[Records from a data collection]
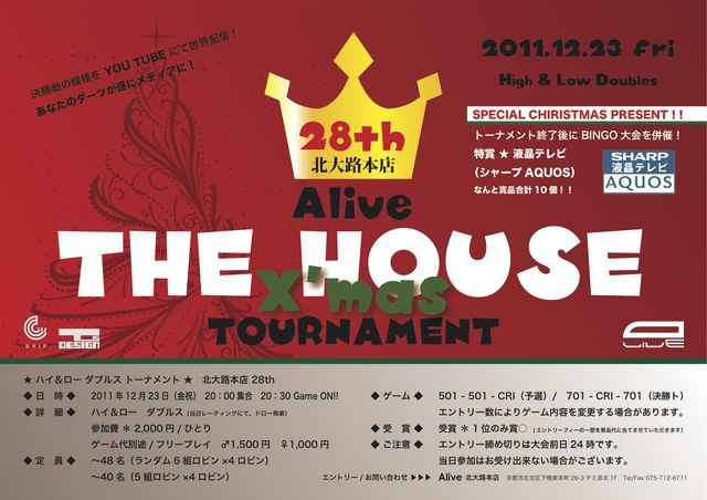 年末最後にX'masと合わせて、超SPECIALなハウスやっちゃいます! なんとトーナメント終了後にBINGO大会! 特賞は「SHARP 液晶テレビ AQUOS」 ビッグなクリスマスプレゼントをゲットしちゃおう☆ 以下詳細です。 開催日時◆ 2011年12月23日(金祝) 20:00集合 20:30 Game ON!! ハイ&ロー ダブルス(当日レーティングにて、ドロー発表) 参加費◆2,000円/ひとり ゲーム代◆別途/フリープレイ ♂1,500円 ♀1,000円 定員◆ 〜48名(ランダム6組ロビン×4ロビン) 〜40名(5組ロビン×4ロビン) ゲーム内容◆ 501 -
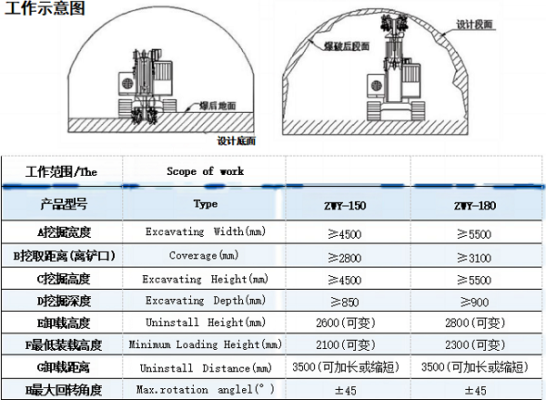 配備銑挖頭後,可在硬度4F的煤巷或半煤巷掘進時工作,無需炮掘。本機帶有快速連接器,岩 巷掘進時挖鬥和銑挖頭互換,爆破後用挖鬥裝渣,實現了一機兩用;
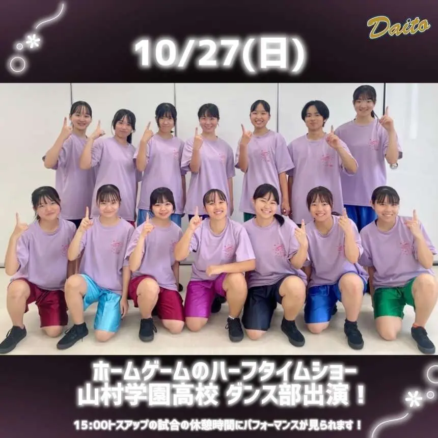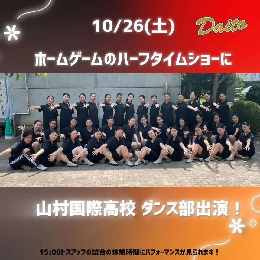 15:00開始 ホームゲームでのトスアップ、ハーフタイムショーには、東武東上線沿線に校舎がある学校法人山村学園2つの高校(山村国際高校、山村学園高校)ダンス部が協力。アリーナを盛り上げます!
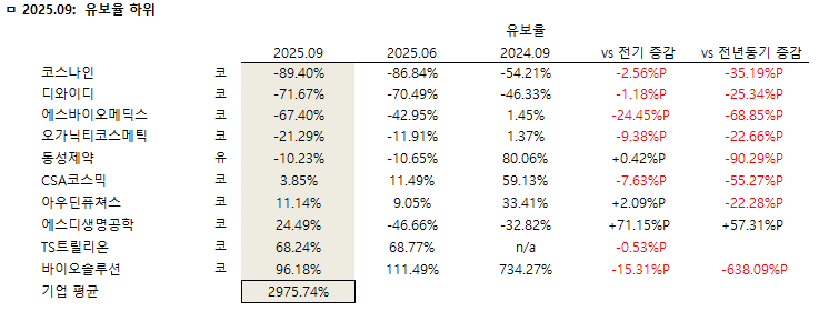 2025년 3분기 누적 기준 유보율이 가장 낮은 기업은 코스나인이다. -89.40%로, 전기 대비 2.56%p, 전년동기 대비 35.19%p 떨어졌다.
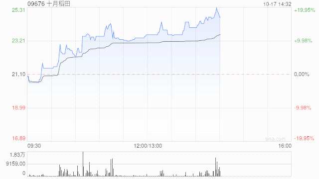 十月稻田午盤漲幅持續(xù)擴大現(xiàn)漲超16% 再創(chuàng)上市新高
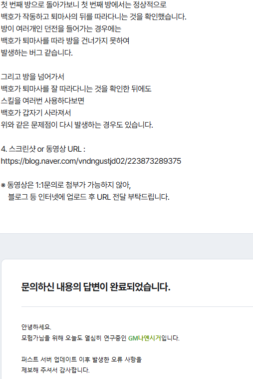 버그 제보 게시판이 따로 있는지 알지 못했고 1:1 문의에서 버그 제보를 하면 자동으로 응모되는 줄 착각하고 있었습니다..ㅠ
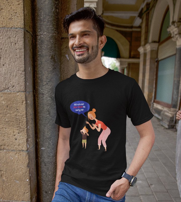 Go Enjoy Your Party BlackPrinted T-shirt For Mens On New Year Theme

(What the task requires)
From the first line to the last, set down the data exactly, without the pictures.

(Expected answer)
 年末最後にX'masと合わせて、超SPECIALなハウスやっちゃいます! なんとトーナメント終了後にBINGO大会! 特賞は「SHARP 液晶テレビ AQUOS」 ビッグなクリスマスプレゼントをゲットしちゃおう☆ 以下詳細です。 開催日時◆ 2011年12月23日(金祝) 20:00集合 20:30 Game ON!! ハイ&ロー ダブルス(当日レーティングにて、ドロー発表) 参加費◆2,000円/ひとり ゲーム代◆別途/フリープレイ ♂1,500円 ♀1,000円 定員◆ 〜48名(ランダム6組ロビン×4ロビン) 〜40名(5組ロビン×4ロビン) ゲーム内容◆ 501 -
 配備銑挖頭後,可在硬度4F的煤巷或半煤巷掘進時工作,無需炮掘。本機帶有快速連接器,岩 巷掘進時挖鬥和銑挖頭互換,爆破後用挖鬥裝渣,實現了一機兩用;
 15:00開始 ホームゲームでのトスアップ、ハーフタイムショーには、東武東上線沿線に校舎がある学校法人山村学園2つの高校(山村国際高校、山村学園高校)ダンス部が協力。アリーナを盛り上げます!
 2025년 3분기 누적 기준 유보율이 가장 낮은 기업은 코스나인이다. -89.40%로, 전기 대비 2.56%p, 전년동기 대비 35.19%p 떨어졌다.
 十月稻田午盤漲幅持續(xù)擴大現(xiàn)漲超16% 再創(chuàng)上市新高
 버그 제보 게시판이 따로 있는지 알지 못했고 1:1 문의에서 버그 제보를 하면 자동으로 응모되는 줄 착각하고 있었습니다..ㅠ
 Go Enjoy Your Party BlackPrinted T-shirt For Mens On New Year Theme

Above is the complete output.